Popping Shoulder

Suddenly, a few weeks ago, if I wanted to lift my right arm to my desk, I had to lift it with my left hand because the shoulder hurt like the dickens. Now after basically ignoring the problem and self treating with advil and gentle movement, I’m left with a shoulder that pops loudly (can be heard across the room). The popping comes from the end of the shoulder where the ball and socket joint is. I can now do pushups, and shoulder exercises without pain (but I’m being careful) and the pop is uncomfortable but not painful–and not getting worse or better.

Reasearching this has been a total waste. Nothing seems to fit this. I’m getting better, but several times a day I’ll raise my arm, or make a movement and it will pop–starling people I’m dealing with.

Kind of looking for what this might be. If it’s labrum tear or rotator cuff injury it seems like it should be getting worse but it seems to be healing on its own. Any suggestions?

I’d be looking for an ortho MD.

Posting to warn against long/large use of any NSAID - your kidneys really, really dislike the stuff.

If I could trade my shoulder for good kidneys, I’d do it in an instant.

Ask around for recommendations and go to an orthopedic surgeon. Despite the title they’ll very likely diagnose and treat through physical therapy with surgery as a last resort. Even if you’re really screwed up and they recommend surgery you don’t have to agree to it, and you can continue with therapy as long as you want and still decide to have surgery later if you’re not getting results.

One thing to consider is that there are probably a few big name surgeons who work on professional athletes with your local NBA, MLB, NHL, WNBA or NFL teams. Most likely at least one of them accepts your insurance and will cost you the same as some random schmuck pulled at random from the yellow pages.

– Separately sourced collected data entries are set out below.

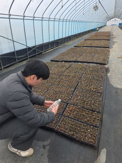 한방통신사 신태공 기자 | 금산군농업기술센터는 올해 금산천 데크길 꽃잔디 식재를 위한 우수 육묘 생산에 총력 대응하고 있다.
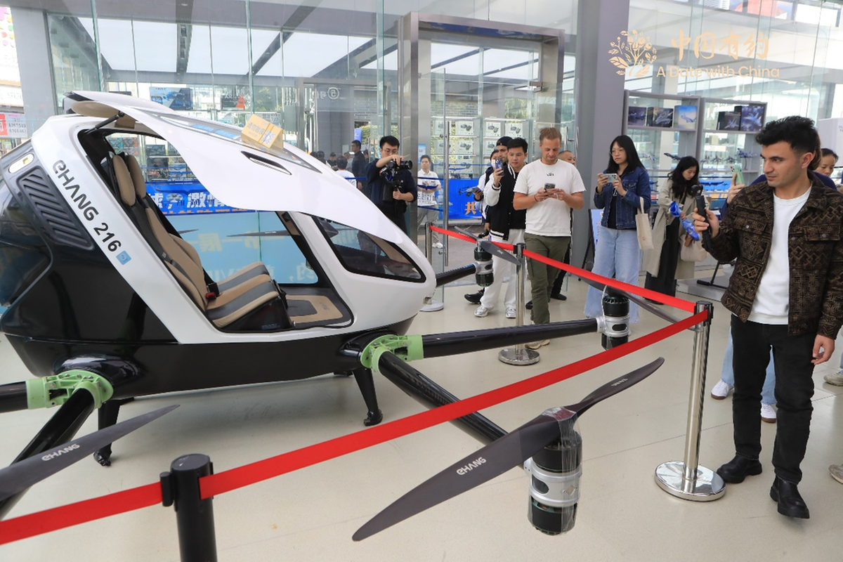 Participants on the 2025 "A date with China" international media tour visit an unmanned aerial vehicle at "Futian Wings" Pengcheng Low-altitude UAV Exhibition Center in Shenzhen, Guangdong province, on Nov 27, 2025. [Photo/chinadaily.com.cn]
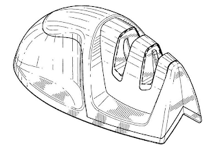 - DM0000: The mark consists of a three-dimensional configuration of goods consisting of the overall shape of a manual knife sharpener having on one half a rounded upper surface with tapered sides terminating at a flattened horizontal lower surface on each side and on the other half a pair of cavities each containing pair of crossed blades at pre-set angles terminating midway toward the lower surface and an inverted V-shaped bottom running parallel with the length of the sharpener with flattened lips on each side of the inverted V shape. The matter shown by the broken lines is not a part of the mark and it serves only to show that the crossed blade sharpening elements located in the two cavities of the sharpener are not claimed as part of the mark. The lines of the knife sharpener itself are intended to indicate the three-dimensional shape of the knife sharpener and do not indicate color. All elements of the drawing constitute and are claimed as part of the mark except for the sharpening elements encompassed by the broken lines.

A labrum tear can cause what you’re probably describing as your shoulder subluxing (partially dislocating and then going back in).

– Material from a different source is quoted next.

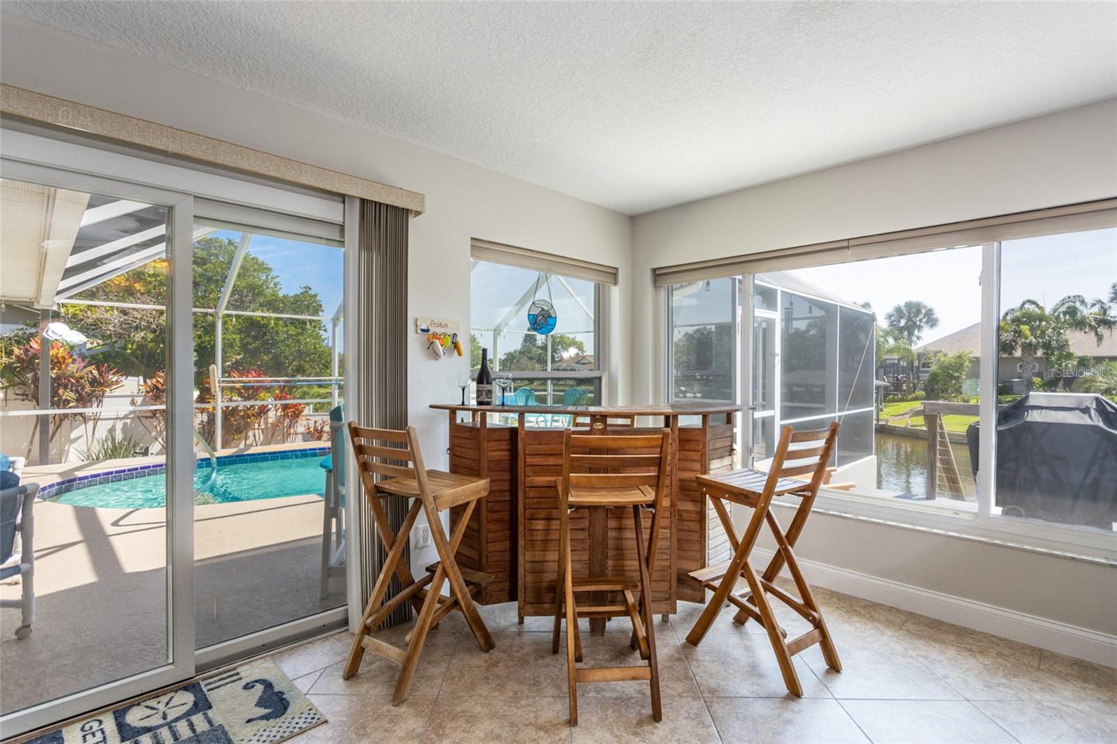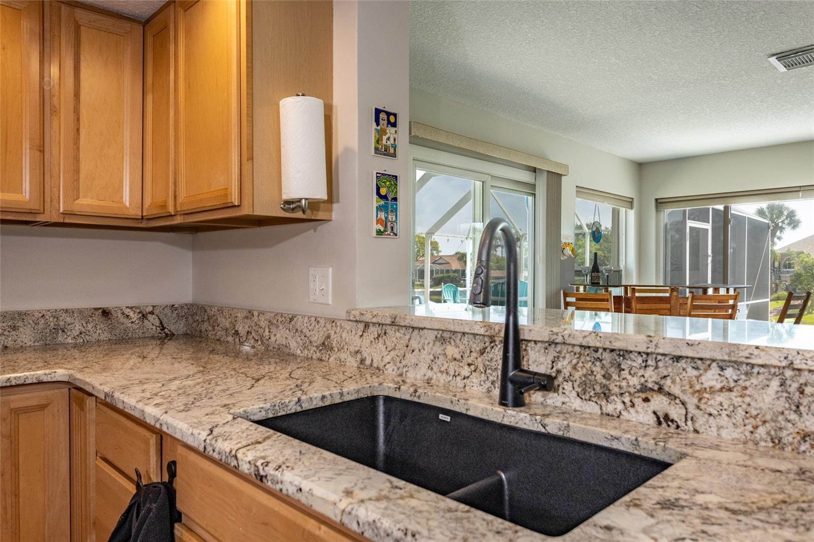 AMAZING WATERFRONT VIEWS! Step inside this beautifully updated 3-bedroom, 2-bath saltwater canal pool home and enjoy a thoughtfully upgraded interior featuring knockdown ceilings (no popcorn), modern ceiling fans, 5.5” baseboards, and new two-panel interior doors with updated hardware. The kitchen features new granite countertops, a graphite sink, and upgraded appliances. Zero carpet. Tile & engineered hardwood throughout. Formal living area, family area, huge dining area & a flex space/home office which overlooks the water. The primary bath showcases quartz countertops and Delta hardware, while the guest bath boasts granite countertops and Moen fixtures. Freshly painted inside and out, this move-in-ready home features a solar-heated pool & solar electric, reducing the cost of monthly electric bills. A recently replaced pool pump, a newly painted pool deck, and a screen enclosure. A spacious 12x24 composite deck expands your outdoor living space, perfect for relaxing or entertaining. Additional features include a retractable garage screen (installed in 2023), a widened driveway, pavers along the side of the home, and a new front storm door. Major updates include a brand-new roof (installed in 2025), windows (installed in 2015), and AC and ductwork (installed in 2016). The partially fenced-in yard provides privacy and space for pets or gardening, and the home’s premium location offers stunning views of the basin, where you can watch dolphins play. Palm Coast, Florida waterfront living at its finestt!

A labrum tear generally won’t heal on it’s own since cartilage doesn’t really get any blood supply and if that is what it is, constant subluxing can make the tear worse. Your doc will probably start your with PT, it’ll suck but if it works, it’ll help you build up the muscles around the area to support the your shoulder where your labrum is failing.

You can look around at the various tests for labrum tears. There’s a bunch of different types of tears, but all the names (SLAP, Bankart, Posterior Bankart etc) really just have to do with where the labrum tore, what the tear looks like and how bad it is.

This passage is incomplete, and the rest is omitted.